Semras glanced at the men remounting the front door on its repaired hinges. The three Venator guards had finally figuredout how to hang it back on the frame and were now hammering down the final nail. It was time to leave.
After a last glance around, she grabbed her bags and walked past them, barely registering the guards’ lingering eyes on her. She had long grown used to the impolite stares that came from being part of the Fair Folk.
Semras stepped outside.
And then froze in place.
Dozens of horses and men trampled over her serene forest of autumn gold, turning the soil upside down until the carpet of orange and red leaves disappeared beneath the mud. Only her small garden, leaning against her hut and protected between its wall of round stones and the small tributary of a northern creek, had been spared from the massacre.
Her hands curled into fists. Swallowing back a bitter curse, Semras searched for Inquisitor Velten among the sea of sword-bearers and horses.
Standing a few steps away from the chaos, he was deep in conversation with his knight at the side of an elegant blood bay horse. The towering, broad-shouldered steed gave her pause. With its feathered feet and long black mane, it looked like a mix of draft horse and purebred Vandalesian. Or so it would appear to the untrained eyes of the Deprived—men and women blind to the Unseen Arras, unfamiliar with what lurked between the threads of the world.

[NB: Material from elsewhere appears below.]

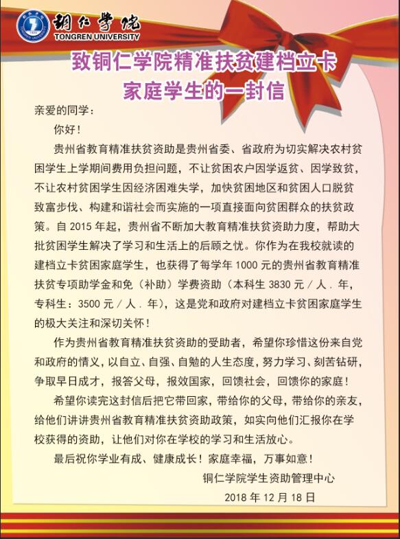致beat365英国官方网站精准扶贫建档立卡家庭学生的一封信

For the witch, the coat’s purplish sheen and unnervingly inert stance betrayed something far more vicious than a simple horse: a kelpie, an Unseelie fey. Or rather, half of one, if its short ears were anything to go by. Like all Fair Folk, it possessed an ethereal, entrancing beauty—the kind that disturbed as much as it attracted. The horses near the stallion pawed at the ground, uncertain if they wanted to get closer or farther from the half-fey.
She couldn’t blame them. The Unseelie were opportunistic predators, endlessly on the hunt for prey, and their beauty was a difficult lure to resist.
It turned its black, void-like gaze toward her, sending a shiver down her spine. Old Crone help her; she hoped the ominous creature would stay away from her. The witch felt at ease with neither horses nor the Fey, and that one was both at once—her own personal nightmare.
Shuddering, Semras turned her attention toward Inquisitor Velten instead.